Looking to sharply differentiate Microsoft from Amazon in the cloud, Microsoft CEO Satya Nadella clearly alluded to Amazon’s AWS when he said cloud providers that compete with customers in other businesses will never be able to establish the essential bond of trust with those customers.
(In my weekly Cloud Wars Top 10 rankings, Microsoft has been #1 for more than 2 years, while Amazon has held the #2 spot for that same span of time.)
In a video announcing a major expansion of Microsoft’s industry-cloud business, Nadella said, “There are 4 key principles that guide our approach: business-model alignment; customer ownership and control of data; industry customization; and unmatched partner ecosystem.
“First, trusted business-model alignment. No customer wants to be dependent on a provider that sells them technology on one end and competes with them on the other,” Nadella said, clearly referencing Amazon’s aggressive moves into retail and other industries.

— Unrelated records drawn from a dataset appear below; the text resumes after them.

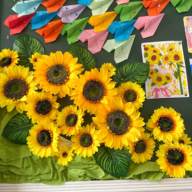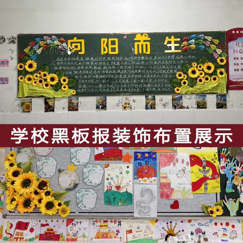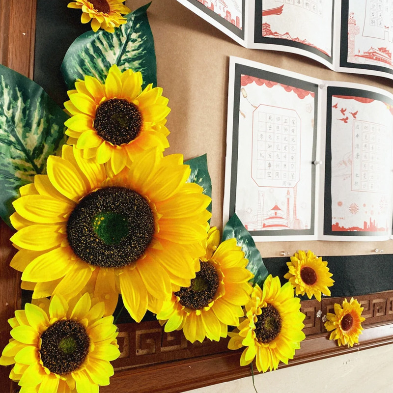向日葵太阳花仿真花朵树叶立体环创幼儿园墙面贴六一边框装饰材料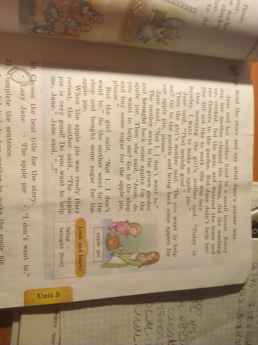 Мама пошла в зелёный сад и принесла несколько яблок для яблочного пирога. Затем она сказала :" Джейн, не хотела бы ты мне помочь? Сходи в магазин и купи немного сахара для яблочного пирога, пожалуйста"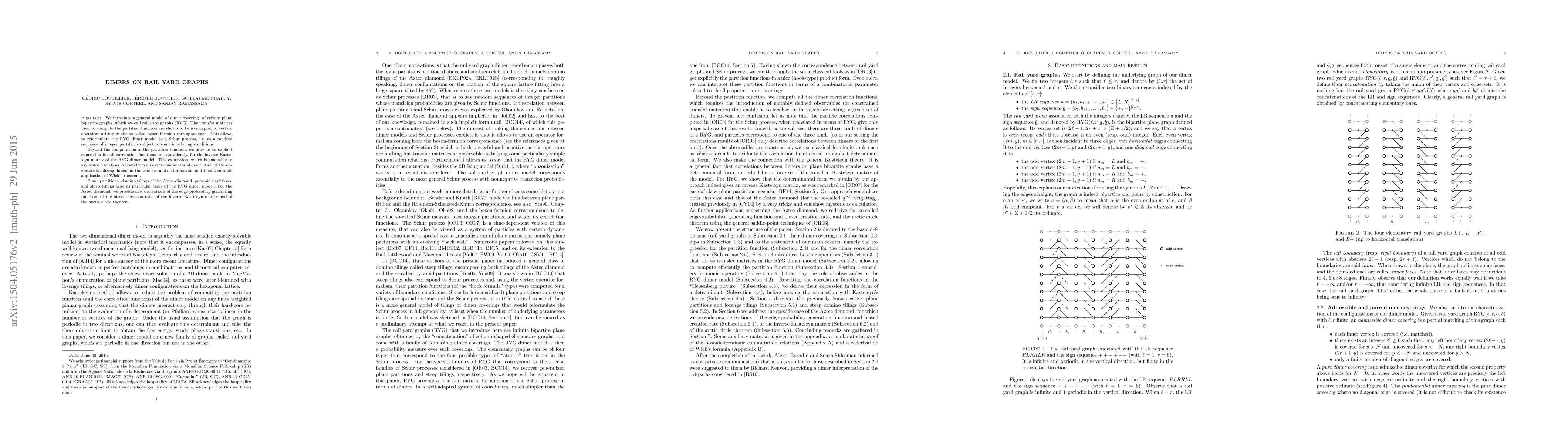 We introduce a general model of dimer coverings of certain plane bipartite graphs, which we call rail yard graphs (RYG). The transfer matrices used to compute the partition function are shown to be isomorphic to certain operators arising in the so-called boson-fermion correspondence. This allows to reformulate the RYG dimer model as a Schur process, i.e. as a random sequence of integer partitions subject to some interlacing conditions. Beyond the computation of the partition function, we provide an explicit expression for all correlation functions or, equivalently, for the inverse Kasteleyn matrix of the RYG dimer model. This expression, which is amenable to asymptotic analysis, follows from an exact combinatorial description of the operators localizing dimers in the transfer-matrix formalism, and then a suitable application of Wick's theorem. Plane partitions, domino tilings of the Aztec diamond, pyramid partitions, and steep tilings arise as particular cases of the RYG dimer model. For the Aztec diamond, we provide new derivations of the edge-probability generating function, of the biased creation rate, of the inverse Kasteleyn matrix and of the arctic circle theorem.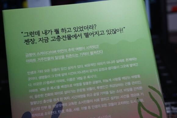 참 재미난 책이다. 27층에서 금붕어 한마리가 고공 낙하하는 4초라는 그 시간동안 사랑과 이별, 탄생과 죽음등 인생의 모든 일들일 일어난다니! 처음엔 그 말을 믿지 못했지만 챕터 하나하나를 읽어 나가는 동안 이야기속에 등장하는 캐릭터에게 푹 빠져 이언의 4초동안의 곤두박질은 생각지도 못한채 책을 휘리릭 읽게 된다. 그리고 찰나의 순간일거 같은 정말 그 짧은 4초의 시간동안에 인생의 희노애락이 모두 일어난다는 것에 공감하게 된다.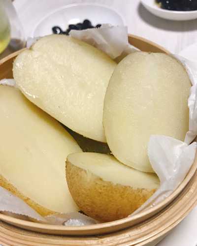 じゃがいもはシンプルにせいろで蒸してます。シンプル・イズ・ベスト!。岩塩で頂きましたが、これがまた美味しいのなんの。お芋さんなのに喉につまらないというか、ホクホクでもありジューシー。「じゃがいもは飲み物です」と、人生で初めて言いました(笑)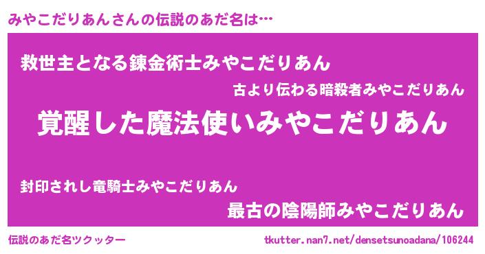| 意味不明あだ名 | 『住所不定無職みやこだりあん(12歳)』 |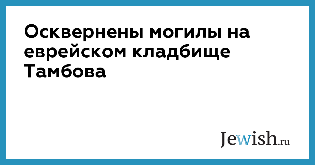 В ночь с 29 на 30 августа 2005 г. на еврейском кладбище Тамбова был совершён акт вандализма — повалены и осквернены 2 памятника, повреждены ограды могил. На одной из могил была оставлена фашистская символика. Сотрудники Советского РОВД Тамбова и районной прокуратуры, прибывшие на место преступления, обнаружили на могилах мусор и около трёх десятков пивных бутылок.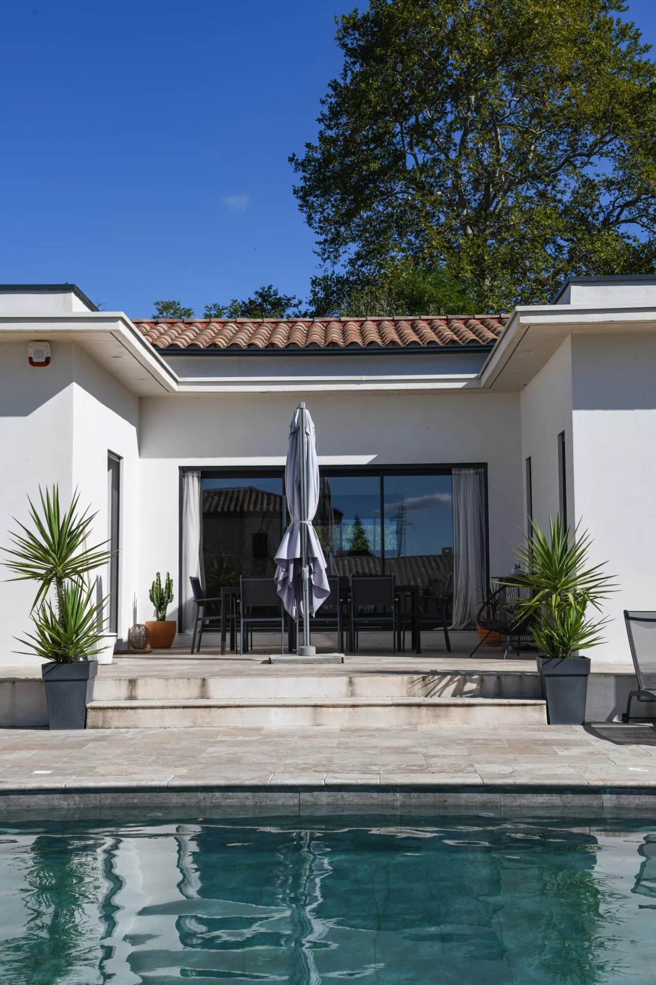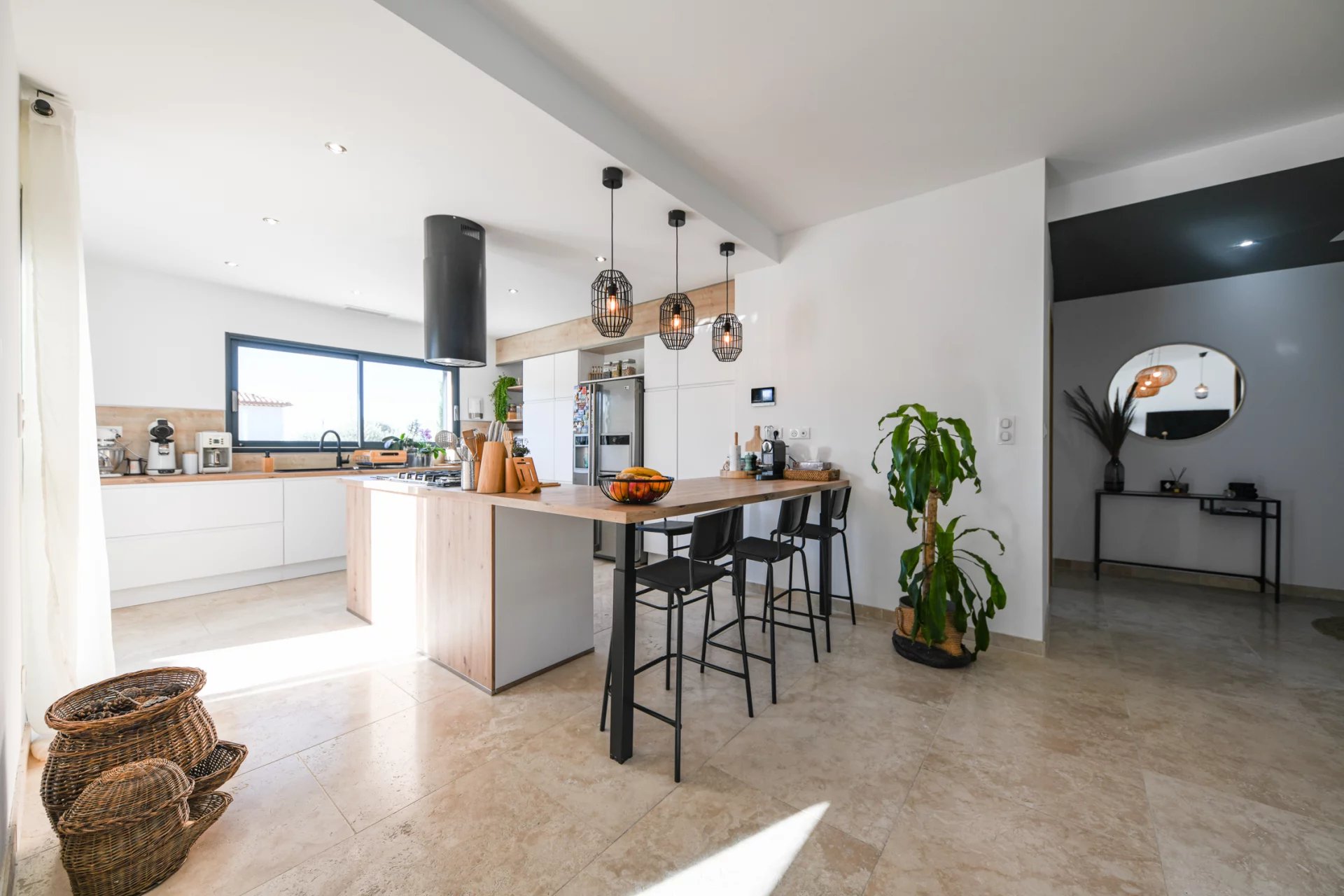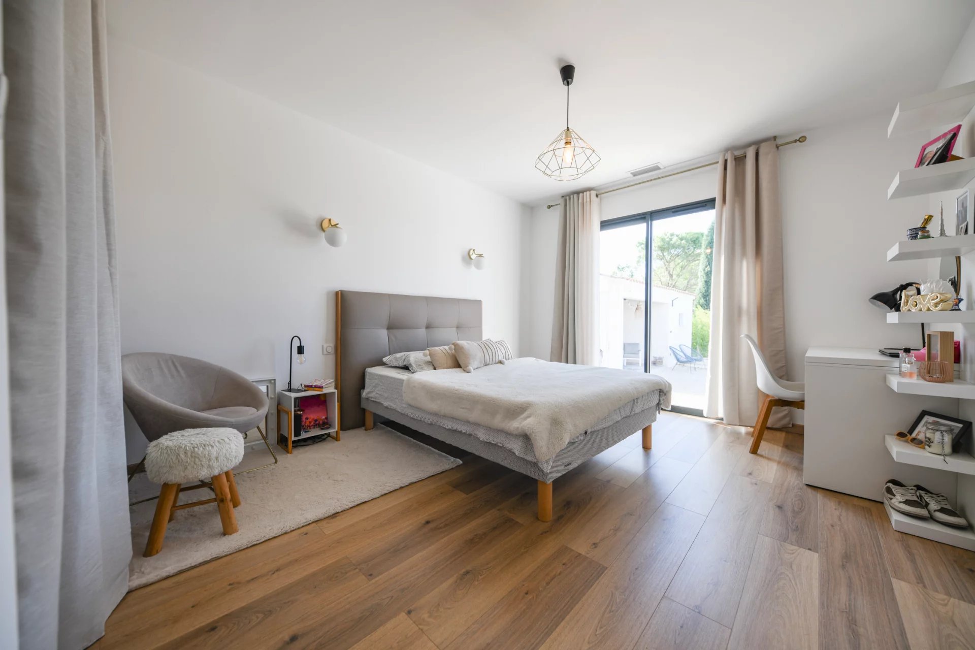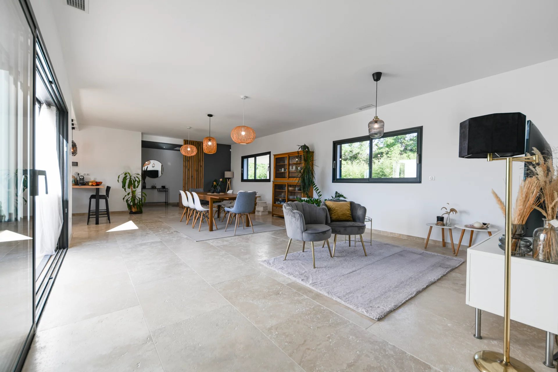 Built in 2021, this property consists of an entrance serving a double living room of 70 m2 traversing and bright overlooking the terrace and pool, a kitchen, three spacious bedrooms, one en suite, separate toilet and additional bathroom, Cellar, laundry room and spacious “garage” of 32 m2 (heated and insulated) offering the possibility of creating a fourth bedroom or workplace.

Just to clarify: Nadella did not say the name “Amazon” or “AWS”—but it is perfectly clear that he was talking about that parent company and its cloud-computing business unit.
As we’ve noted before multiple times, that stance by parent company Amazon puts its AWS cloud unit in a tough competitive spot: as Nadella said, “No customer wants to be dependent on a provider that sells them technology on one end and competes with them on the other.”
That raises two interesting points involving the brilliant Amazon executive Andy Jassy, who drove AWS to phenomenal success for many years before being promoted last month to CEO of parent company Amazon as founder Jeff Bezos relinquished the CEO role and moved to executive chairman.
- One year ago, I wrote a piece called Open Letter to AWS CEO Andy Jassy: People Aren’t as Dumb as You Think in reaction to his attempt to say that such competitive concerns are silly—or to use Jassy’s word, “folklore.” I think it was admirable that Jassy decided to address that tricky issue, but I think is “folklore” line came across to most people as utterly tone-deaf. And as the pressure on every business to innovate and transform has only accelerated in the past 12 months since Jassy’s remarks, the situation has only become more acute.
- And now that Jassy’s CEO of the entire Amazon empire, will he alter his perspective on why many people outside of his company view it as being a two-faced character: both cloud provider and business competitor?
Nadella took it a step further in outlining the second of his four key principles: that “customer data belongs to our customers, not to us.” No doubt, the folks at AWS can go to great lengths in describing how customer data is totally inaccessible to AWS employees.
But the issue is not so much one of technology as of, as Nadella described it, “trusted business-model alignment.” In the minds of many people—perhaps most people—the linkage between AWS and Amazon is so tight that it’s almost impossible to comprehend the boundaries between the two.
And that was my primary point about Jassy and his ill-advised attempt to chalk up these widespread concerns about competitive overlap as “folklore.”
In his video announcement last week, Nadella continued to describe the differences between his company and one he did not name but is clearly Amazon.
“Microsoft will always be a trusted advisor, co-innovator and partner,” Nadella said.
“Second, customer data belongs to our customers, not to us. We work with organizations to help them harness the data to build the predictive and analytical power required for their own competitive advantage.”
That’s a very smart move by Nadella, and it’s going to be a very difficult dilemma for Jassy to overcome, particularly as he’s now CEO of the entire Amazon empire.
Final thought
As you consider the different approaches of these two companies, it’s important to bear in mind the almost unfathomable financial power wielded by each:
- Microsoft’s market cap is $1.75 trillion.
- Amazon’s market cap is $1.56 trillion.